___ RECORDED DATA

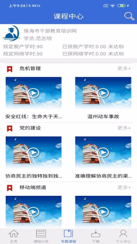 珠海云学习是一个以干部教育学习为主题的软件,针对该教育的特殊性为用户汇总了特备的课程资源,另外还有便捷的考试系统;该软件首页为用户设置了我的课程、课程中心以及考试测评等汇总的服务功能版块,当用户打开软件的时候就能通过这些功能划分轻松找到想要的服务功能,除了该页面的功能专区外,主功能栏也设置了专题课程中心,不仅能从主页进入课程中心,还能直接从主功能栏切换到课程中心,给用户提供选课便捷;在该软件中可以完成一站式的培训学习任务,从通知公告信息接收到课程挑选,再到课程的学习测评都提供了相应的服务。
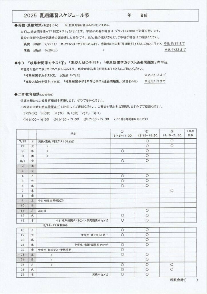 ✔「岐阜全県模試①」 試験日 8/9(土)
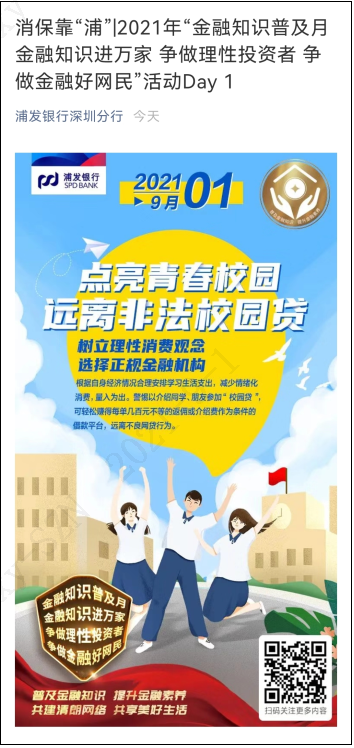 9月1日,也是校園開學(xué)的日子。開學(xué)的第一天,浦發(fā)銀行深圳分行特別推出“點亮青春校園遠(yuǎn)離非法校園貸”日歷宣傳海報,并在官方微信公眾號進(jìn)行轉(zhuǎn)發(fā)宣傳,同時在46家網(wǎng)點營業(yè)大廳顯示屏播放,重點傳播校園貸金融知識,提醒學(xué)生人群,合理消費(fèi),遠(yuǎn)離不良網(wǎng)貸行為。據(jù)悉,該行將在九月每個工作日持續(xù)發(fā)布消保宣傳日歷,常態(tài)化長效推進(jìn)金融知識普及月宣傳活動的開展。
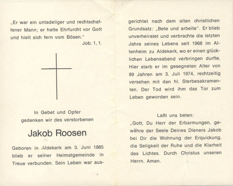 | Wohnort: Aldekerk; seit 1968 im dortigen Altenheim; unverheiratet |
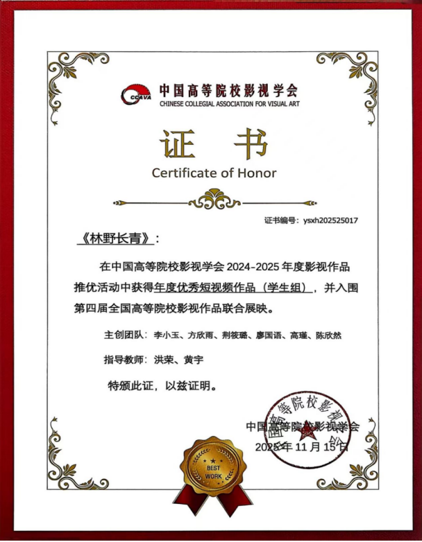 凭借对林业发展的深度诠释与精湛影视表达,作品《林野长青》成功入围高校影视学会!荣获“年度优秀短视频作品(学生组)”称号。这一荣誉的背后,是十位创作者深入山林,实地拍摄和细致打磨的匠心之作。

______

In repeating the lines above, keep the wording exact and leave every picture out.

### EXERCISE ANSWER
 珠海云学习是一个以干部教育学习为主题的软件,针对该教育的特殊性为用户汇总了特备的课程资源,另外还有便捷的考试系统;该软件首页为用户设置了我的课程、课程中心以及考试测评等汇总的服务功能版块,当用户打开软件的时候就能通过这些功能划分轻松找到想要的服务功能,除了该页面的功能专区外,主功能栏也设置了专题课程中心,不仅能从主页进入课程中心,还能直接从主功能栏切换到课程中心,给用户提供选课便捷;在该软件中可以完成一站式的培训学习任务,从通知公告信息接收到课程挑选,再到课程的学习测评都提供了相应的服务。
 ✔「岐阜全県模試①」 試験日 8/9(土)
 9月1日,也是校園開學(xué)的日子。開學(xué)的第一天,浦發(fā)銀行深圳分行特別推出“點亮青春校園遠(yuǎn)離非法校園貸”日歷宣傳海報,并在官方微信公眾號進(jìn)行轉(zhuǎn)發(fā)宣傳,同時在46家網(wǎng)點營業(yè)大廳顯示屏播放,重點傳播校園貸金融知識,提醒學(xué)生人群,合理消費(fèi),遠(yuǎn)離不良網(wǎng)貸行為。據(jù)悉,該行將在九月每個工作日持續(xù)發(fā)布消保宣傳日歷,常態(tài)化長效推進(jìn)金融知識普及月宣傳活動的開展。
 | Wohnort: Aldekerk; seit 1968 im dortigen Altenheim; unverheiratet |
 凭借对林业发展的深度诠释与精湛影视表达,作品《林野长青》成功入围高校影视学会!荣获“年度优秀短视频作品(学生组)”称号。这一荣誉的背后,是十位创作者深入山林,实地拍摄和细致打磨的匠心之作。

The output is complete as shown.